While we could have just used simple features like the average altitude and speed of our planes, we felt like that was throwing out a lot of our data. Instead, we divided the "average" behavior of a plane into 5 quantiles - 0-20%, 20-40%, 40-60%, 60-80%, and 80-100% - and saw how much time each plane spent in each quantile. For example, a slow, low-flying plane might spend most of its time in the 0-20% quantile for altitude and speed.
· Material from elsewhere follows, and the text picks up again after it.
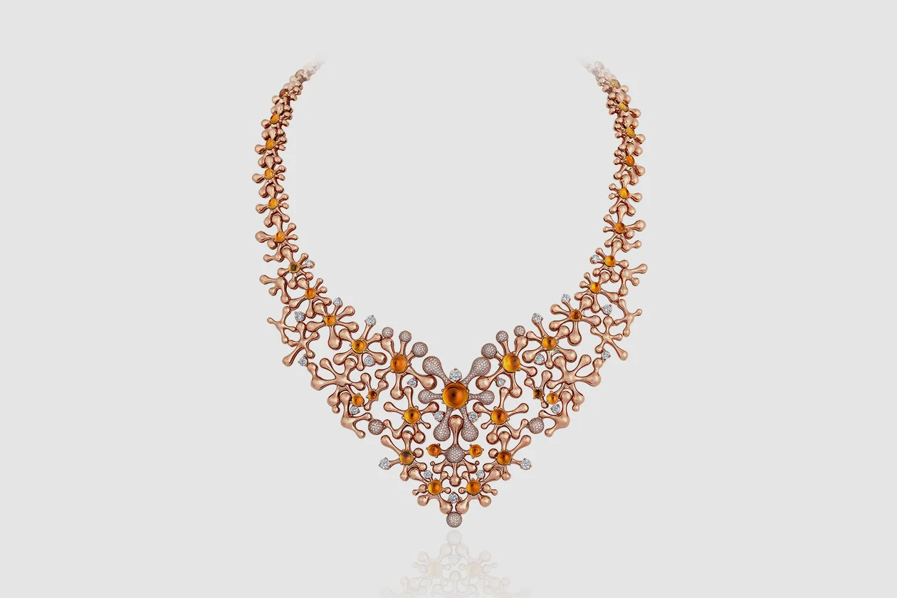 Колье «Атом», выполненное из красного золота и дополненное бриллиантами и желтыми сапфирами, не просто произведение искусства и украшение. Автор усовершенствовала процесс разработки, создав цифровую модель и сделав все просчеты через 3D-модель. Такой формат создания позволил произвести в единственном экземпляре продукт, который при традиционном подходе мог бы родиться только в рамках серийного производства.

Although it was complicated, this method allowed us to create a more complete set of features describing how each plane flies. The hope is that these detailed features will allow us to better identify planes that are flown similarly to one another.

Discussion topics#

Do you think these features do a better job of describing a plane than just the median or mean? Is that answer the same for all of the measurements we took?
Which feature do you predict works best to describe surveillance planes?
Why do we not use quantiles for steering? It might be interesting to check what the quantiles would have been.
Can you think of other features that might be used to describe surveillance planes?
Some organizations that publish this sort of data have agreements to not include military or government planes. Is that a reasonable request?
What might be some uses of this data?
How is this data collected? What are the requirements to be able to obtain it on your own?